Professor Huxley tells us, it is true, that such an idea could be entertained by no one whose mind had ever been illumined by a ray of scientific thought. In face of this it is rather remarkable to find that the idea was undoubtedly entertained by Mr. Darwin, who took for granted that to deny Purpose is to affirm Chance.

I am conscious [he wrote to Asa Gray]155 that I am in an utterly hopeless muddle. I cannot think that the world, as we see it, is the result of chance; and yet I cannot look at each separate thing as the result of Design.

And again:156

I cannot any how be contented to view this wonderful universe, and especially the nature of man, and to conclude that everything is the result of brute force. I am inclined to look at everything as resulting from designed laws, with the details, whether good or bad, left to the working out of what we call chance. Not that this notion at all satisfies me.

Professor Haeckel too is by no means in accord on this point with his friend Professor Huxley. He writes:157

One group of philosophers affirms, in accordance with the teleological conception, that the whole cosmos is an orderly system, in which every phenomenon has its aim and purpose; there is no such thing as chance. The other group, holding a mechanical theory, expresses itself thus: The development of the universe is a monistic mechanical process, in which we discover no aim or purpose whatever; what we call design in the organic world is a special result of biological agencies; neither in the evolution of the heavenly bodies nor in that of the crust of our earth do we find any trace of a controlling purpose – all is the result of chance. Each party is right – according to its definition of chance. The general law of causality, taken in conjunction with the law of substance, teaches us that every phenomenon has a mechanical cause; in this sense there is no such thing as chance. Yet it is not only lawful, but necessary to retain the term for the purpose of expressing the simultaneous occurrence of two phenomena, which are not causally related to each other, but of which each has its own mechanical cause independent of the other. Everybody knows that chance, in this monistic sense, plays an important part in the life of man and in the universe at large. That, however, does not prevent us from recognizing in each "chance" event, as we do in the evolution of the entire cosmos, the universal sovereignty of nature's supreme law, the law of substance.

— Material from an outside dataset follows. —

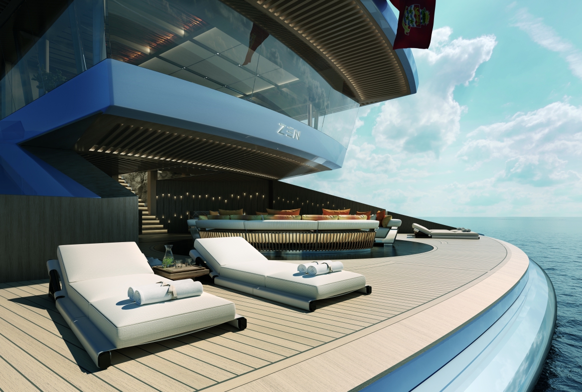 hỏa mãn tiêu chí tiện nghi và phiêu lưu, siêu du thuyền Zen của Sinot Exclusive Yacht Design và Feadship Royal Dutch Shipyards là giải pháp tối ưu giải quyết mọi vấn đề nan giải về mặt thiết kế. Để hành khách có tâm lý hoàn toàn dễ chịu như ở nhà, Sinot và Feadship đã thiết kế nên một chiếc thuyền kết hợp nhuần nhị giữa thiết kế villa ven biển, gác mái trong nhà và nhà trời. Cửa mái, vách trượt và ban công có thể mở rộng mời gọi làn gió tự nhiên tràn vào lấp đầy không gian bên trong du thuyền.

There is a good deal here which is less clear in the way of argument than could be wished. The famous Law of Substance, as we have seen, has two articles: The indestructibility of matter, and the conservation of energy. What light either of these principles may be supposed to shed on such questions as the adaptation of organs to their functions is by no means obvious. To say that there is no design in the organic world, because it is a special result of biological agencies, – is quite of a piece with the contention which has actually been made, that we can no longer argue to Design, with Paley, from the analogy of a watch, since "nearly every part of a watch is now made by inanimate machinery."158 Thus much, however, is perfectly clear: the competence of Chance is recognized to originate a world like ours, and to enable Nature, as Professor Clifford says, seemingly to answer our questionings with an intelligence akin to our own.

It would thus appear that when Newton asks, – Was the eye fashioned without knowledge of the laws of light, or the ear, without knowledge of those of sound? – we are to answer in the affirmative, and to say that such organs are but special results of biological agencies, under the general management of the Law of Substance.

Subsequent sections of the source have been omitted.